> **Data section**
____________________

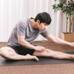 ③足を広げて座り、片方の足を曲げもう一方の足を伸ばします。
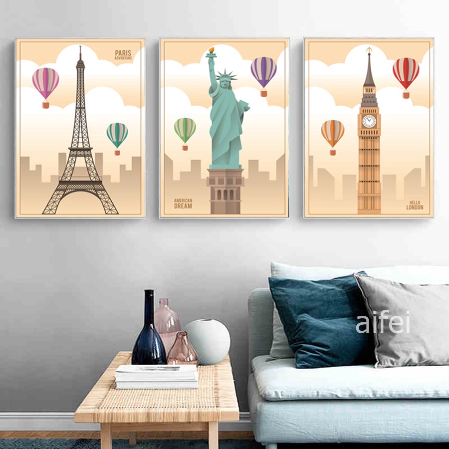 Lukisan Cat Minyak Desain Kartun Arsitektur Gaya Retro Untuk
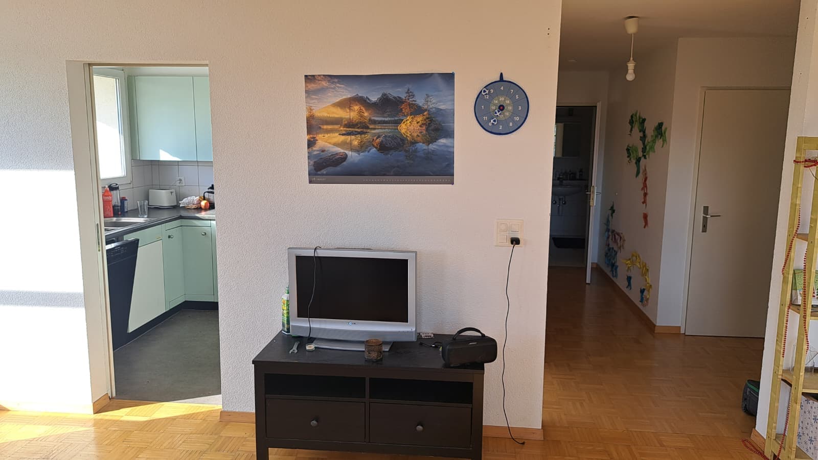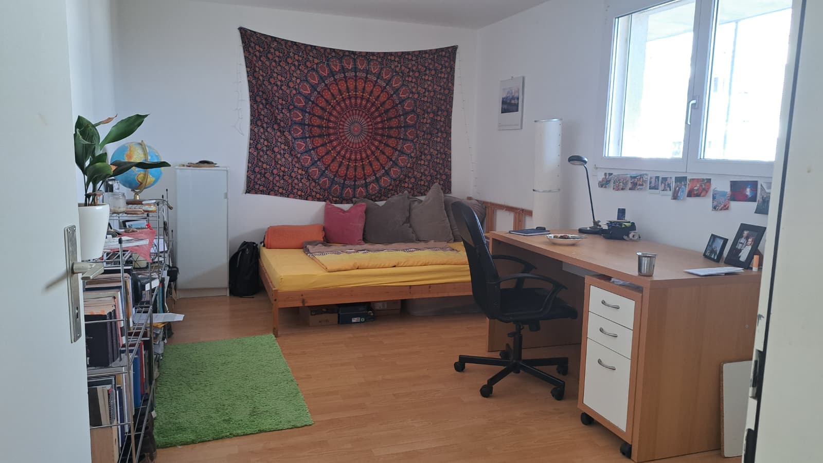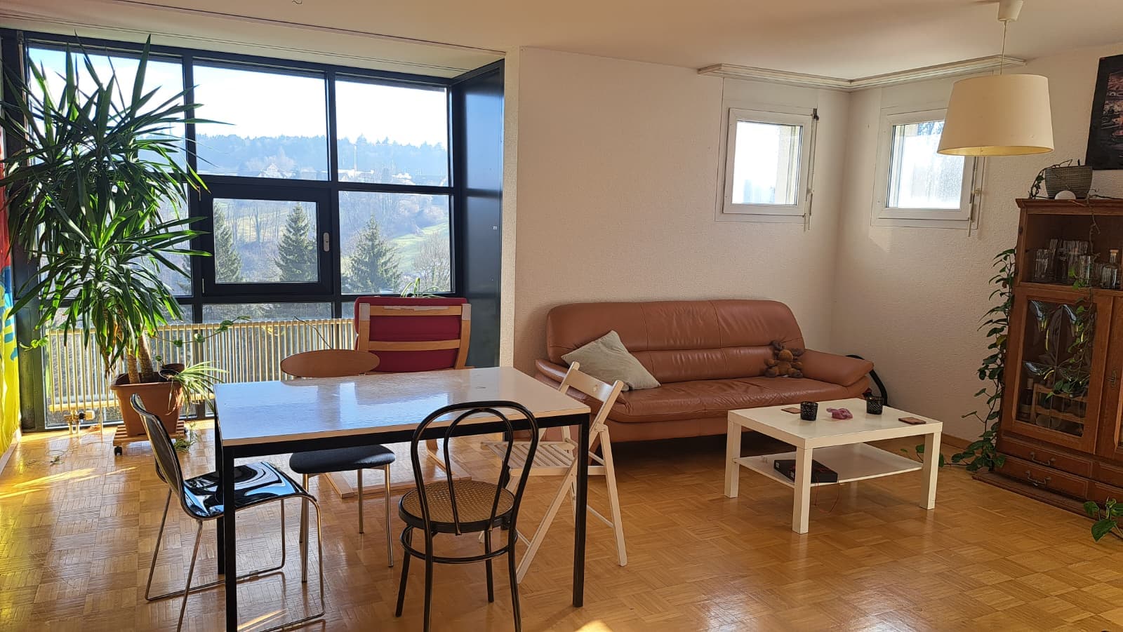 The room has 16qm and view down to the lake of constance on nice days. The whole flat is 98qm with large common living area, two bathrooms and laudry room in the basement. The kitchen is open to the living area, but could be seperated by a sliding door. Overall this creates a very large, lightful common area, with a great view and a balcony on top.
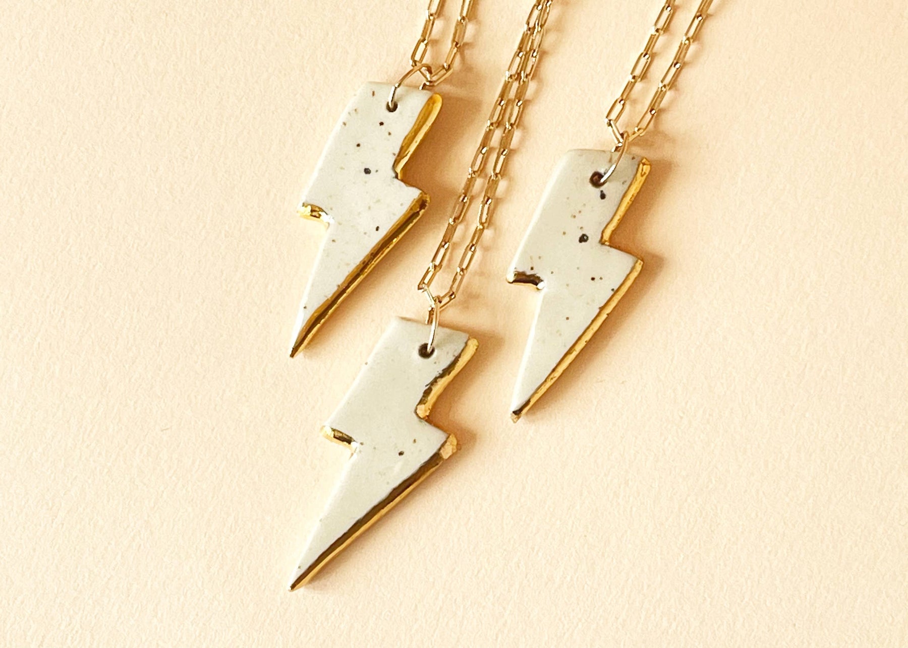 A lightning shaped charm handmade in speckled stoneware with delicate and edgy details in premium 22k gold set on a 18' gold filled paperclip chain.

____________________

> **Goal of the exercise**
Return exactly the lines that begin with the one containing "The room has" and end with the final line of the data above; include no pictures.

> **Answer for this exercise**
 The room has 16qm and view down to the lake of constance on nice days. The whole flat is 98qm with large common living area, two bathrooms and laudry room in the basement. The kitchen is open to the living area, but could be seperated by a sliding door. Overall this creates a very large, lightful common area, with a great view and a balcony on top.
 A lightning shaped charm handmade in speckled stoneware with delicate and edgy details in premium 22k gold set on a 18' gold filled paperclip chain.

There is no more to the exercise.